Why Walmart Is Betting Big on Cheap Android Tablets

Why Walmart Is Betting Big on Cheap Android Tablets
Walmart has launched a line of Onn brand tablets priced around $99 to compete directly with Apple's iPad—particularly the Onn 8 Tablet Pro, an 8-inch Android device that uses standard Google Play services rather than a customized version of Android. This matters because it's one of the few budget tablets that doesn't lock you into a proprietary ecosystem, and it gives Walmart another way to reach customers who want affordable but functional devices.
What the Onn Tablets Actually Are
The Onn 8 Tablet Pro runs Android 10 with the standard Google version of the operating system, which distinguishes it from Amazon's Fire tablets—those use Fire OS, Amazon's own modified version of Android. Ars Technica noted that the device is designed primarily for holding vertically, which suggests Walmart expects most users to do things like browse social media, watch videos, and read rather than type long documents or edit spreadsheets.
The pro versions include faster processors and USB-C charging ports—two features that were uncommon on budget tablets a few years ago. USB-C in particular is significant: older cheap tablets stuck with micro-USB long after the rest of the industry moved on, making them annoying to charge alongside your phone or laptop.

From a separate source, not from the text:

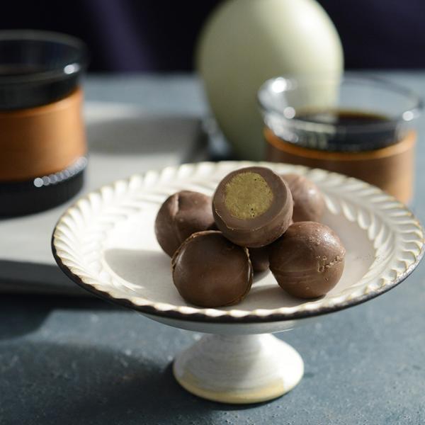 ドライデーツとカカオ、そしてアーモンドを一緒に混ぜたボール型チョコに、ダークチョコレートをコーティング。 1粒で満足感たっぷりのチョコスナックが冬季限定で登場!
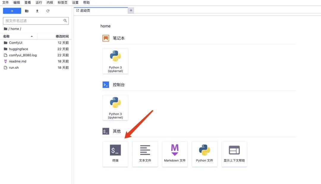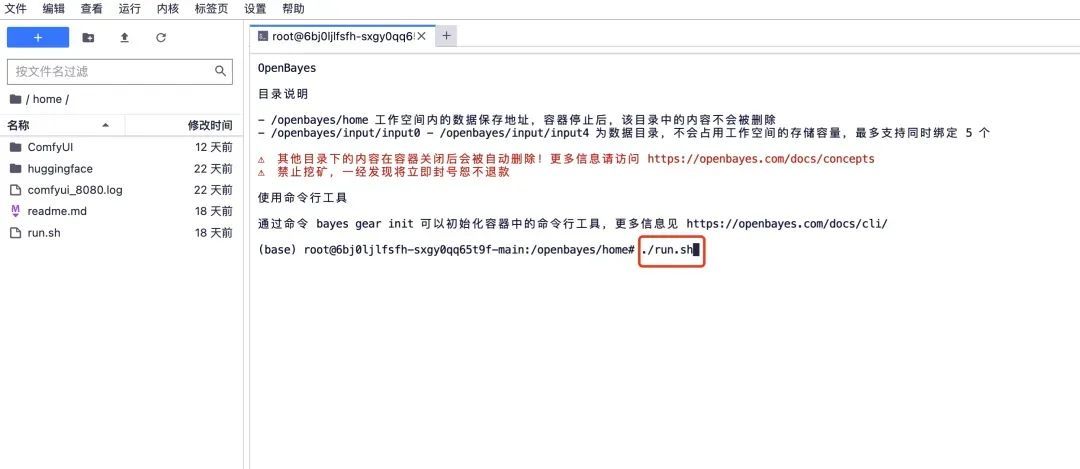 6. 打开工作空间后,在启动页新建一个终端会话,然后在命令行里输入 「./run.sh」。

The Market Walmart Is Targeting
Amazon's Fire tablets have dominated the sub-$100 tablet market for years by selling them cheaply and making money from subscriptions, video, and content you buy through Amazon. Walmart's strategy is different: it's betting that some people would rather use regular Android with Google's app store (Google Play) instead of being locked into Amazon's ecosystem.
Budget tablets have traditionally cut corners on build quality, speed, and software updates to hit low prices. By including USB-C and committing to a processor that doesn't feel sluggish, Walmart is signaling it wants to make budget tablets feel less cheap, without actually raising the price.
How Walmart's Retail Stores Give It an Edge
Here's where Walmart's physical stores matter: you can walk in, hold the tablet, and decide if you like it before spending your money. That's powerful at the budget price point, where people tend to be skeptical about what they're getting.
Walmart also has decades-old supplier relationships and manufacturing networks that let it build tablets affordably while still making a profit. The Onn brand itself extends beyond tablets to TVs, speakers, and cables—basically Walmart's answer to Amazon's private-label hardware line, except Walmart sells through stores rather than relying mainly on digital subscriptions.
We've watched this pattern repeat. Best Buy tried it with Insignia-branded products. Target has launched various private-label electronics over the years. The difference with Walmart is the scale of the bet and the fact that it's actually trying to compete head-to-head with major brands rather than just filling gaps.
Why Walmart Chose Standard Android
Walmart could have modified Android the way Amazon did, which would give Walmart more control over what apps users see and how Walmart makes money. But customizing Android requires constant software maintenance, and it breaks access to the thousands of apps in Google Play. Using standard Android is simpler and gives users what they expect.
The vertical orientation choice also tells you something about user research. Walmart studied who buys cheap tablets and what they do with them. The answer: mostly watch videos, scroll social media, and read—not write emails or edit documents on a 8-inch screen.
What This Means Longer Term
The timing is worth noting. Remote work and online learning drove tablet sales up in recent years, and budget tablets serve as secondary devices for a lot of households—the one your kid uses for homework or that sits on your nightstand. There's a real market beyond people buying premium iPads.
From a broader perspective, Walmart's entry into the budget tablet space could matter for Android itself. Amazon's Fire tablets use a forked version of Android, which fragments the ecosystem. Walmart maintaining standard Android with Google Play could actually help sustain app development for budget Android tablets by keeping a larger base of users with consistent access to apps.
That said, budget tablets have a weak history when it comes to lasting software updates and reliability. Devices shipped a few years ago often accumulated build quality problems users didn't notice until later. Walmart will succeed here only if it can maintain reasonable quality standards over time while keeping prices low—no small feat. That's the real test ahead.